Task directions: Restate the listing below word for word, pictures excluded.

Input records:

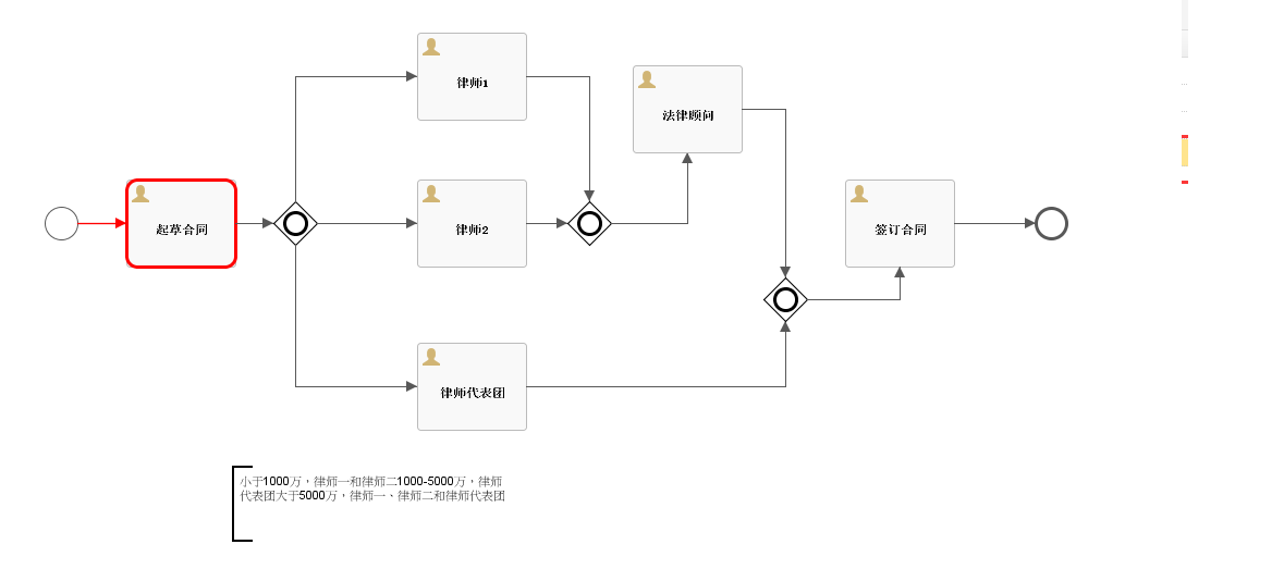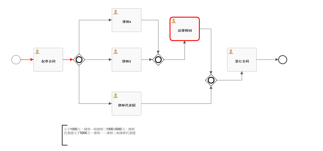 23 <userTask id="sid-E2A0931F-56FD-4F2B-9876-570A93D617E9" name="法律顾问" activiti:assignee="admin" />
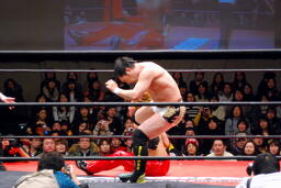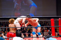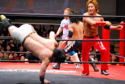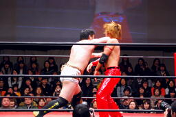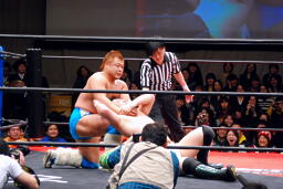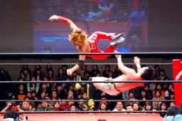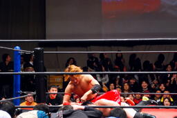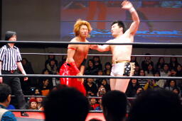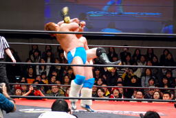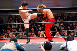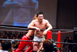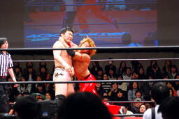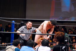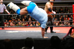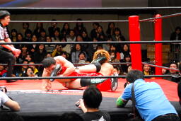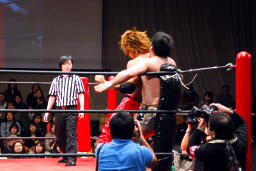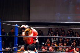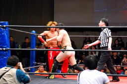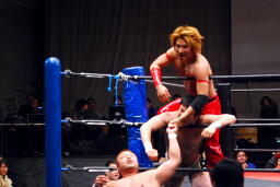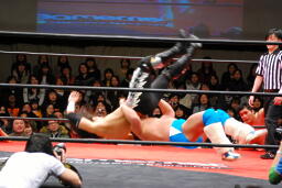 佐藤ハイキックからジャーマン(右写真)、カバーはカウント2。十字に行くが松永がカット。佐々木が松永を場外に。
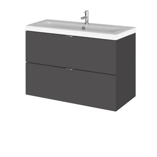 Hudson Reed Fusion Wall Hung 2 Drawer Vanity Unit & Ceramic Basin 800mm - Gloss Grey
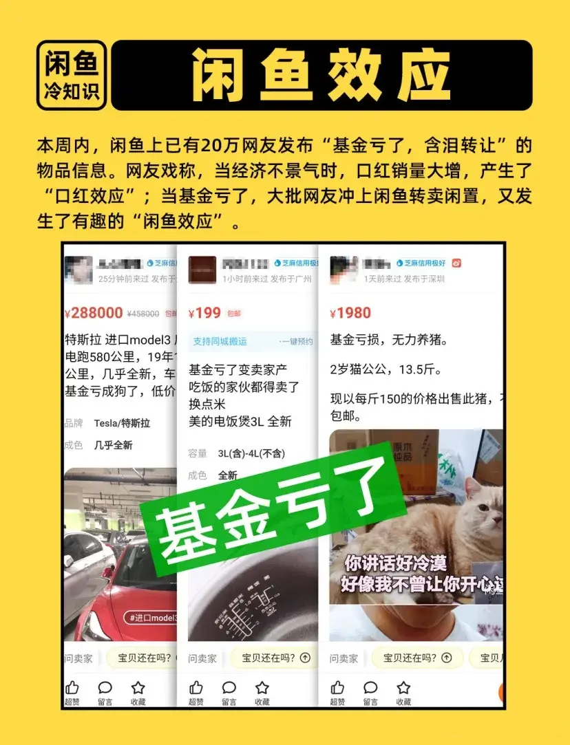 这就引发了所谓的「闲鱼效应」。何为闲鱼效应呢,就是当基金亏了,引发大批网友冲上闲鱼转卖闲置的现象。与之对应的是「口红效应」。
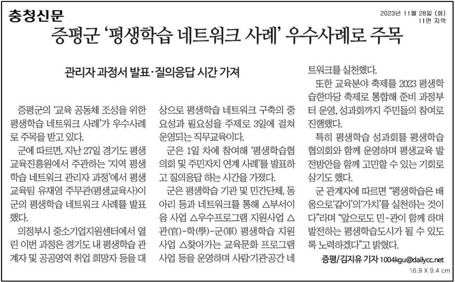 증평군, 경기도를 찾아 평생학습 우수사례 전파
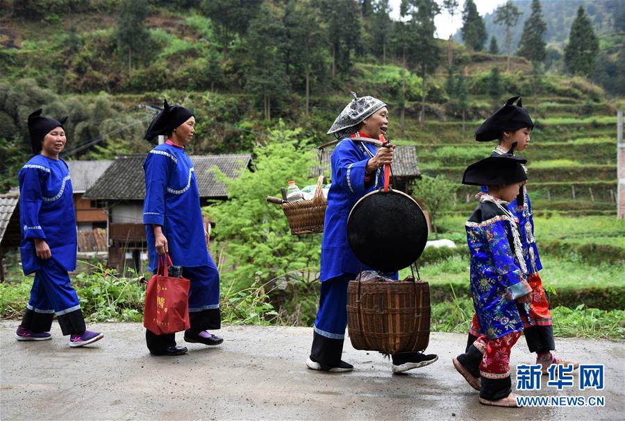 4月7日,苗族群众挑着祭品走在祭“巫耶”仪式途中。4月6日至7日,在贵州省黔东南苗族侗族自治州剑河县观么镇新民村和新合村,来自剑河县和三穗县的苗族同胞欢聚一堂,通过民族歌舞展演、非遗手工艺展示、千户祭“巫耶”、跳芦笙舞等形式,与来宾一起欢庆2019年高雍苗族“三月三”民俗文化节。 新华社记者 杨文斌 摄

Answer:
 23 <userTask id="sid-E2A0931F-56FD-4F2B-9876-570A93D617E9" name="法律顾问" activiti:assignee="admin" />
 佐藤ハイキックからジャーマン(右写真)、カバーはカウント2。十字に行くが松永がカット。佐々木が松永を場外に。
 Hudson Reed Fusion Wall Hung 2 Drawer Vanity Unit & Ceramic Basin 800mm - Gloss Grey
 这就引发了所谓的「闲鱼效应」。何为闲鱼效应呢,就是当基金亏了,引发大批网友冲上闲鱼转卖闲置的现象。与之对应的是「口红效应」。
 증평군, 경기도를 찾아 평생학습 우수사례 전파
 4月7日,苗族群众挑着祭品走在祭“巫耶”仪式途中。4月6日至7日,在贵州省黔东南苗族侗族自治州剑河县观么镇新民村和新合村,来自剑河县和三穗县的苗族同胞欢聚一堂,通过民族歌舞展演、非遗手工艺展示、千户祭“巫耶”、跳芦笙舞等形式,与来宾一起欢庆2019年高雍苗族“三月三”民俗文化节。 新华社记者 杨文斌 摄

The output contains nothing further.